Open Romiroz opened 1 week ago

Romiroz commented 1 week ago
Good day        
        After load saved lora model, i save it to merged. And after load it from merged, i have generation like '+++++ 100000000000000000000000000000000000000000000000000000000000000000000000000000000000000000000000000000000000000000000000000'
from unsloth import FastLanguageModel
import torch

max_seq_length = 2048 # Choose any! We auto support RoPE Scaling internally!
dtype = None # None for auto detection. Float16 for Tesla T4, V100, Bfloat16 for Ampere+
load_in_4bit = False # Use 4bit quantization to reduce memory usage.

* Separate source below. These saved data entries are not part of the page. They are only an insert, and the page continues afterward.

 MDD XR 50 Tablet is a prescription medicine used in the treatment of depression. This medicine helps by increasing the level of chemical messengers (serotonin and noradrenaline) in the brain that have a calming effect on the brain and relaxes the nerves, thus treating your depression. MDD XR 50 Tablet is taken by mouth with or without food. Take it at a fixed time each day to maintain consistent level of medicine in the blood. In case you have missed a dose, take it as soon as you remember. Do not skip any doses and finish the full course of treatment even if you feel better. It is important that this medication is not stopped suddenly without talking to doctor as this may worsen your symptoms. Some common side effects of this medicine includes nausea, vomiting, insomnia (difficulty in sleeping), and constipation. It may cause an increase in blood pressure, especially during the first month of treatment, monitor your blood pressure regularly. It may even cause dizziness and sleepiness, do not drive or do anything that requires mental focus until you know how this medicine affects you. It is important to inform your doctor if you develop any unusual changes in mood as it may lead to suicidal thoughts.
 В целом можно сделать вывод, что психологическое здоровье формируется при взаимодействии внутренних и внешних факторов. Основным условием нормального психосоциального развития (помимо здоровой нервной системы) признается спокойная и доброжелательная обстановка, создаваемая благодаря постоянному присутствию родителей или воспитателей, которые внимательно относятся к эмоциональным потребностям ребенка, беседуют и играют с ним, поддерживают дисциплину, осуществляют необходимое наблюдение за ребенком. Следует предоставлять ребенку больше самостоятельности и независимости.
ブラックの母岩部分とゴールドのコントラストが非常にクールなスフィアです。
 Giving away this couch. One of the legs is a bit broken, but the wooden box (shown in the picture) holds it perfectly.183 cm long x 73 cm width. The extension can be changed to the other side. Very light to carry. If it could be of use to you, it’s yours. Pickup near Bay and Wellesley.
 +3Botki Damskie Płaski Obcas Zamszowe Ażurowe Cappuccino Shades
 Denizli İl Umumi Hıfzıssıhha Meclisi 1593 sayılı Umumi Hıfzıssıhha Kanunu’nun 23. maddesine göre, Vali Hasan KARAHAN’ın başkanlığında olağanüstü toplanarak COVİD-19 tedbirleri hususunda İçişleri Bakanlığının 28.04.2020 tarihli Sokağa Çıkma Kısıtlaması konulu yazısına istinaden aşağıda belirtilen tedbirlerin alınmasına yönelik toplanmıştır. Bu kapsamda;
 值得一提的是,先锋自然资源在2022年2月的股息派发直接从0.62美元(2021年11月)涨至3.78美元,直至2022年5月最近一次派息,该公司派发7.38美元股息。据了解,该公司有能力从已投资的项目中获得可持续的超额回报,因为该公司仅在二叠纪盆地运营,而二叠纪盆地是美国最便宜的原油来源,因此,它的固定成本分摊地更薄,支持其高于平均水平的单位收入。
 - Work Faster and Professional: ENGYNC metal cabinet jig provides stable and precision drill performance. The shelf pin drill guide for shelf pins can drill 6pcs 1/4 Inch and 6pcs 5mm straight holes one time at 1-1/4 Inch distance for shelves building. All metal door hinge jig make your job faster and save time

Can be False.
torch.cuda.empty_cache()
# 4bit pre quantized models we support for 4x faster downloading + no OOMs.
fourbit_models = [
    "unsloth/Meta-Llama-3.1-8B-bnb-4bit",      # Llama-3.1 15 trillion tokens model 2x faster!
    "unsloth/Meta-Llama-3.1-8B-Instruct-bnb-4bit",
    "unsloth/Meta-Llama-3.1-70B-bnb-4bit",
    "unsloth/Meta-Llama-3.1-405B-bnb-4bit",    # We also uploaded 4bit for 405b!
    "unsloth/Mistral-Nemo-Base-2407-bnb-4bit", # New Mistral 12b 2x faster!
    "unsloth/Mistral-Nemo-Instruct-2407-bnb-4bit",
    "unsloth/mistral-7b-v0.3-bnb-4bit",        # Mistral v3 2x faster!
    "unsloth/mistral-7b-instruct-v0.3-bnb-4bit",
    "unsloth/Phi-3.5-mini-instruct",           # Phi-3.5 2x faster!
    "unsloth/Phi-3-medium-4k-instruct",
    "unsloth/gemma-2-9b-bnb-4bit",
    "unsloth/gemma-2-27b-bnb-4bit",            # Gemma 2x faster!
] # More models at https://huggingface.co/unsloth

model, tokenizer = FastLanguageModel.from_pretrained(
    model_name = "nemo5/checkpoint-1260",
    max_seq_length = max_seq_length,
    dtype = torch.bfloat16,
    load_in_4bit = True,
    # device_map =  "cuda",
    #local_files_only = True,
    # token = "hf_...", # use one if using gated models like meta-llama/Llama-2-7b-hf
)

model.save_pretrained_merged("merged_nemo51", tokenizer, save_method="merged_16bit") #,safe_serialization = False
danielhanchen commented 1 week ago

@Romiroz Apologies on the issue - it's best to ask on our Discord server for faster and async help

mjschock commented 7 hours ago

@Romiroz I'm wondering if you might have found help through Discord or otherwise? I did notice that save_pretrained_merged seems to keep the tokenizer's padding side set to 'left' (you can check the tokenizer_config.json for this) and wonder if this might be the reason the generations are looking off.